Introduction
We will be making a model that will be generating new baby names. Technologies used while making this model is deep learning and natural language processing. To be specific, we will be using recurrent neural networks, which are part of deep learning.
Recommended topic: Machine Learning
Model Building
I will be implementing the following model in google colab. As google colab provides GPU, it will make the model training process fast.
Importing libraries
import pandas as pd
import numpy as np
import matplotlib.pyplot as plt
import plotly.graph_objects as go
import plotly.figure_factory as ff
from wordcloud import WordCloud
import random
import string
import tensorflow as tf
Reading Dataset
You can download the dataset from here.
with open('/content/drive/MyDrive/Names.txt','r') as f:
names = f.read().split("\n")[:-1]
Analyzing the Dataset
Printing size of the dataset and maximum length of the name from the dataset.
print("Number of Names: ",len(names))
print("\nMax Length of a Name: ",max(map(len,names))-1)
Number of Names: 3668
Max Length of a Name: 13
Printing 10 random names from the dataset.
names_size = len(names)
for i in range(10):
a = random.randint(0, len(names))
print(names[a])Rolfe
Jagger
Farrell
Warner
Woodford
Kirkpatrick
Jordon
Boulton
Caton
Till
Furthermore, we will plot name vs length distribution.
fig = ff.create_distplot([list(map(len,names))], group_labels=["Length"])
fig.update_layout(title="Name-Length Distribution")
fig.show()
Data Preprocessing
Removing all the names having length more than 10.
MAX_LENGTH = 10
names = [name for name in names if len(name)<=MAX_LENGTH]

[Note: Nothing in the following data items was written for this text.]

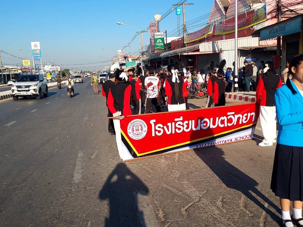 นำขบวนและอำนวยความสะดวก ด้านการจราจร ขบวนพาเหรดกีฬาสี โรงเรียน ชุมชนหนองสองห้องคุรุราษฎร์รังสรรค์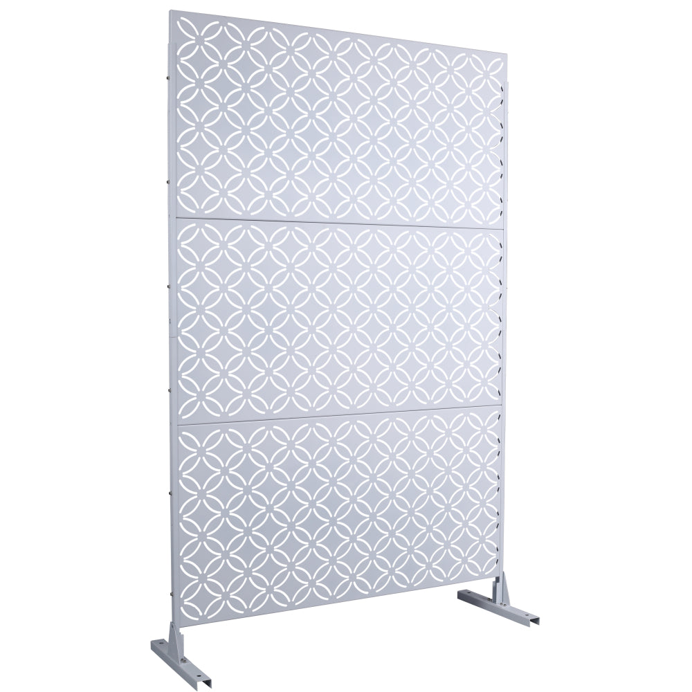 • Outdoor & Indoor Privacy Screen Metal Privacy Screen 76" H×48" W, Freestanding Decorative Privacy Screen for Deck Balcony Patio, Privacy Fence Panels for Outside Lawn Garden PS107 WHITE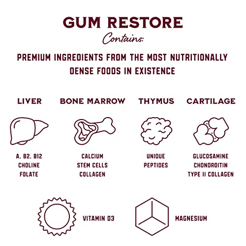 Gum Restore works to support receding and bleeding gums by targeting specific fat-soluble vitamin activators and living collagen that are left out of the modern diet. Gum Restore addresses the root causes of gingivitis and periodontal issues by supplementing your diet with ancestral whole foods rich in calcium, collagen, and fat-soluble vitamin activators.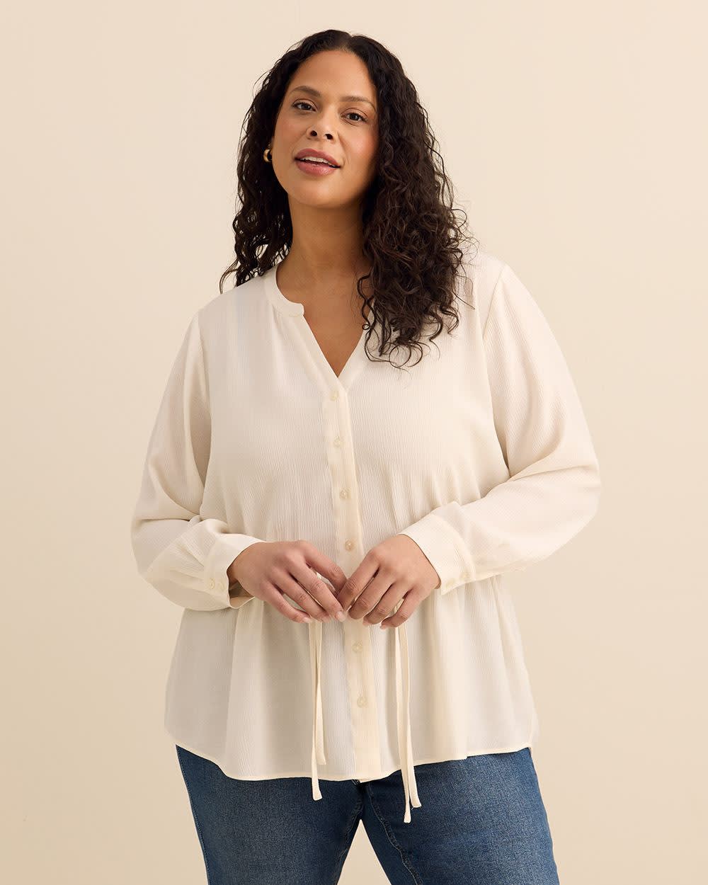 Crisp, chic, and effortlessly feminine. This plus-size buttoned-down shirt defines your waist with a flattering bow-tie cinch and flows into a graceful fit-and-flare silhouette-perfect for polished days or elevated everyday style.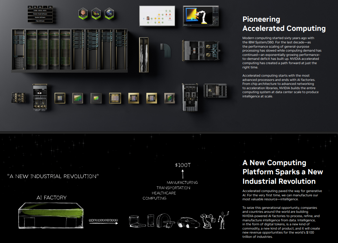 게임 산업 내 그래픽카드(GPU)로 시작하여 데이터 센터, 자율 주행, 메타버스 등 미래 기술의 핵심적인 역할을 수행하며 'AI 시대의 엔진'으로 불리고 있습니다.
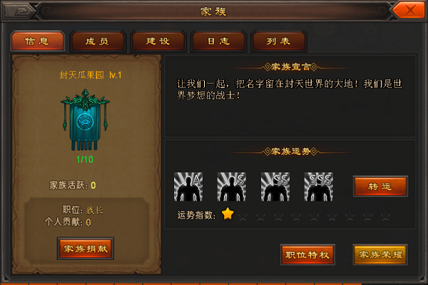 现在,我们点击确认以后,就可以创建自己的家族啦。会直接跳转至家族信息界面哦。 同时提醒一下申请加入其它家族的小伙伴们,申请被该家族的管理人员同意以后,也会出现这个界面哦。

print("Number of Names: ",len(names))
assert max(map(len,names))<=MAX_LENGTH, f"Names length more than {MAX_LENGTH}"Number of Names: 3628
Now, we will tokenize the names.
start_token = " "
# we will use this pad_token to make size of each name equal
pad_token = "#"
#Add start token in front of all Names
names = [start_token+name for name in names]
MAX_LENGTH += 1
# set of tokens
tokens = sorted(set("".join(names + [pad_token])))
tokens = list(tokens)
n_tokens = len(tokens)
print("Tokens: ",tokens)
print ('n_tokens:', n_tokens)Tokens: [' ', '#', 'A', 'B', 'C', 'D', 'E', 'F', 'G', 'H', 'I', 'J', 'K', 'L', 'M', 'N', 'O', 'P', 'Q', 'R', 'S', 'T', 'U', 'V', 'W', 'Y', 'Z', 'a', 'b', 'c', 'd', 'e', 'f', 'g', 'h', 'i', 'j', 'k', 'l', 'm', 'n', 'o', 'p', 'q', 'r', 's', 't', 'u', 'v', 'w', 'x', 'y', 'z']
n_tokens: 53
As we know neural networks can understand only numbers so we will map each letter with a number.
ttd = dict(zip(tokens,range(len(tokens))))

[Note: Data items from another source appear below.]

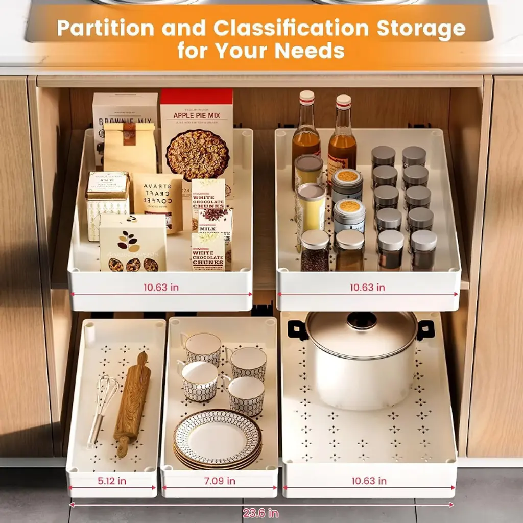 explain: Product Name: Pull Out Cabinet Organizer Materials: Plastic Style: Modern and minimalist Number of layers: 1 layer Pattern: Solid color Color: White Packing list: 1pc/3pcs Pull Out Cabinet Organizer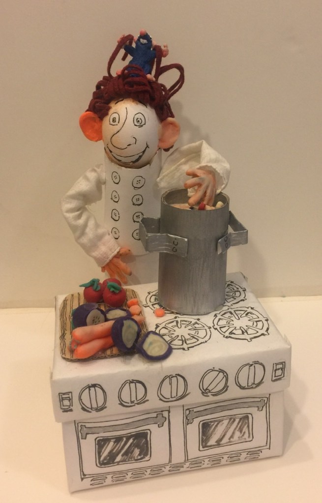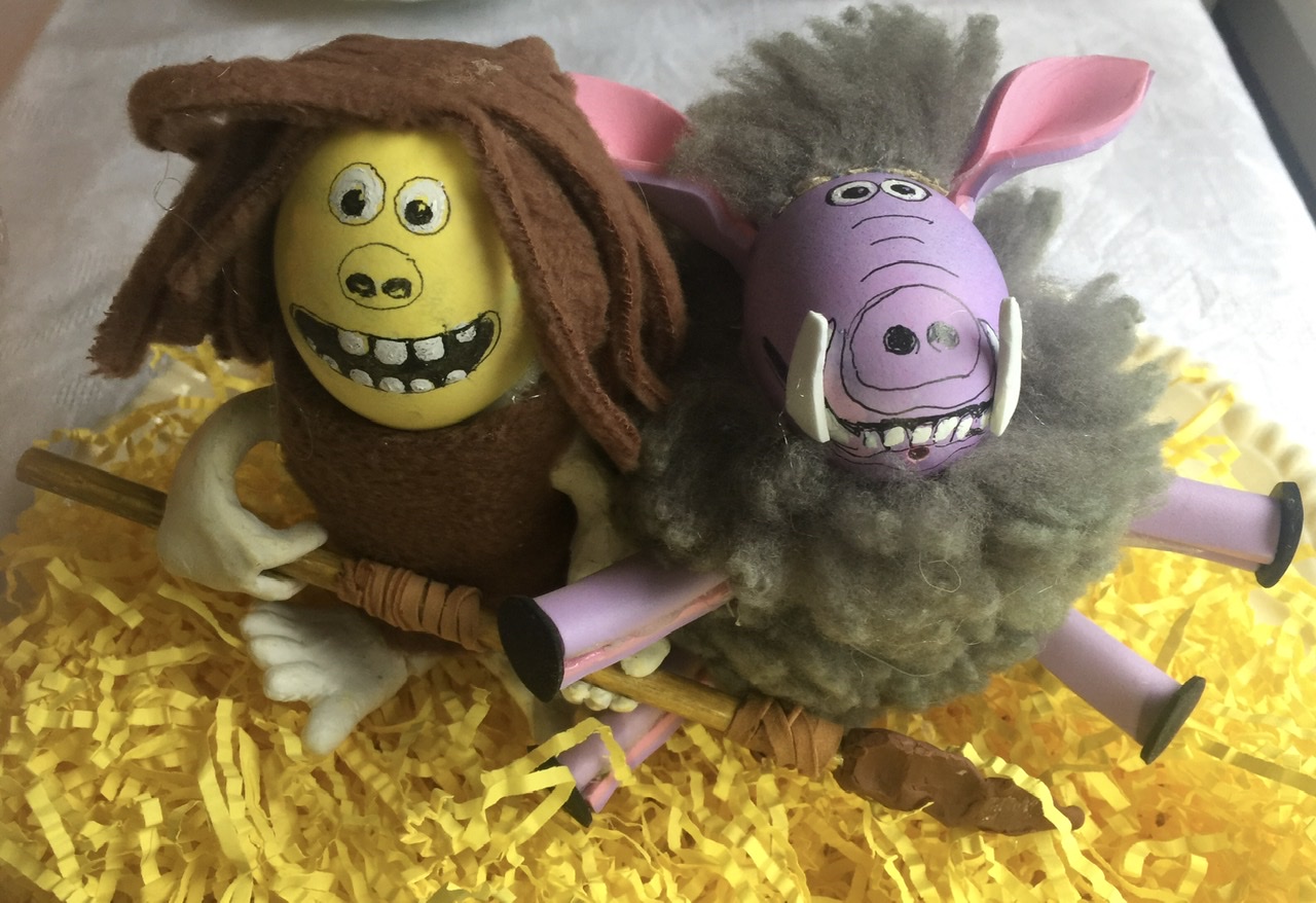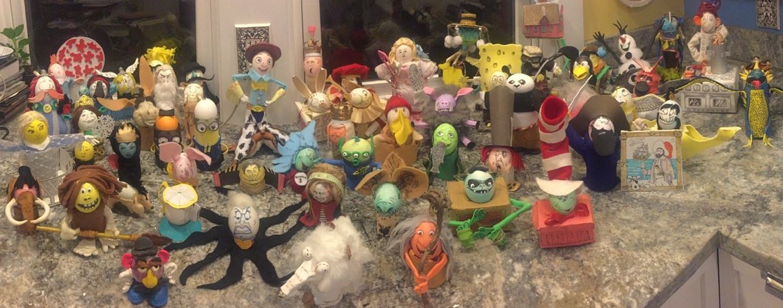 On a yearly basis, as we approach Easter, I move from drawing two dimensional cartoon characters to molding three dimensional characters inspired from film and literature. The egg is the fundamental building block for these creatures…carefully blown eggs.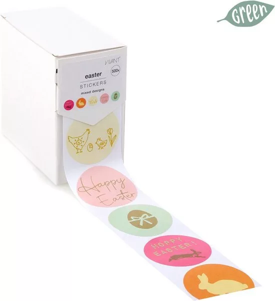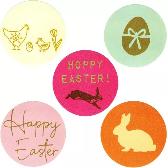 Húsvéti matricák dekoratív ajándékcímkék, Ø40 mm méretben, 5 különböző designnal. A tekercs 500 darab matricát tartalmaz, amelyek tökéletesek húsvéti csomagok, ajándékok vagy dekorációk díszítéséhez.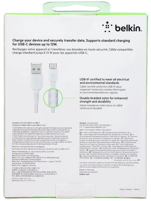 Keep your USB-C devices charged or easily sync music and photos from any USB-A port with durable USB-C to USB-A cables you can use just about anywhere. Made with enhanced braided nylon for added flexibility and strength, tested to withstand 10,000+ bends, and with USB-IF certification, you can count on worry-free performance.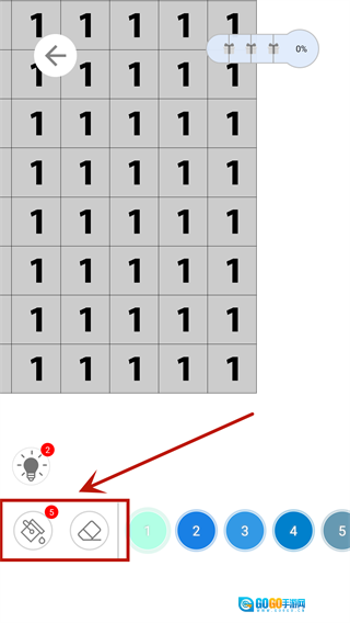 5、填色的方法也很简单,主要有填色和擦除两个按钮,只需依据方块上的数字选用指定颜色,然后在对应位置涂上色彩即可。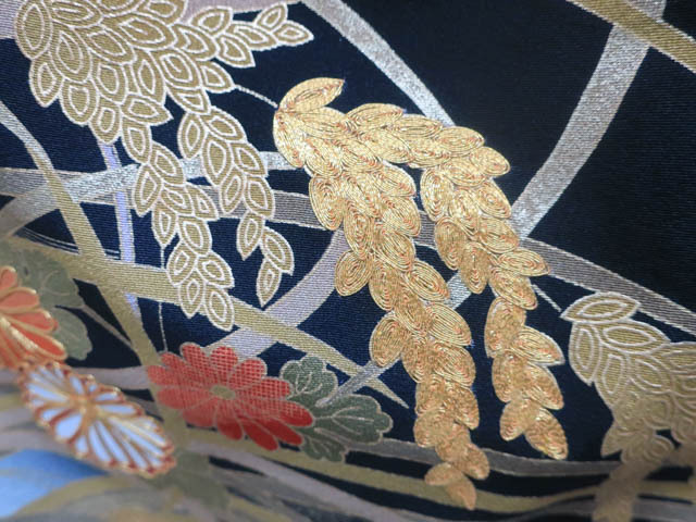 リサイクル商品のため、両袖口に汚れがございますが着用可能なお品です。 地色は 黒です。 1枚目の画像が近いお色かと思われます。 素材は正絹です。 |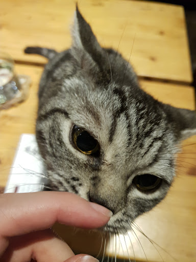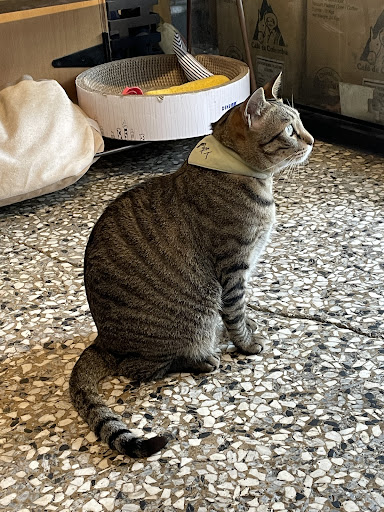 《店貓》 Biru🥰=啤酒🍻的台語🐈 很有個性但非常可愛,因為曾經是流浪貓,請小心靠近!老闆特地幫他戴著「會咬人」的領巾是說真的!(我差點曾被Biru貓牙舞爪過😂)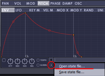 5. Далее нажмите небольшой треугольник как на рисунке ниже и выберите Open state file.

def to_matrix(names, mx_ln=None, pad=ttd[pad_token], dtype=np.int32):
mx_ln = mx_ln or max(map(len, names))
names_ix = np.zeros([len(names), mx_ln], dtype) + pad
for i in range(len(names)):
name_ix = list(map(ttd.get, names[i]))
names_ix[i, :len(name_ix)] = name_ix
return names_ix
Let us see print some integer vectored names.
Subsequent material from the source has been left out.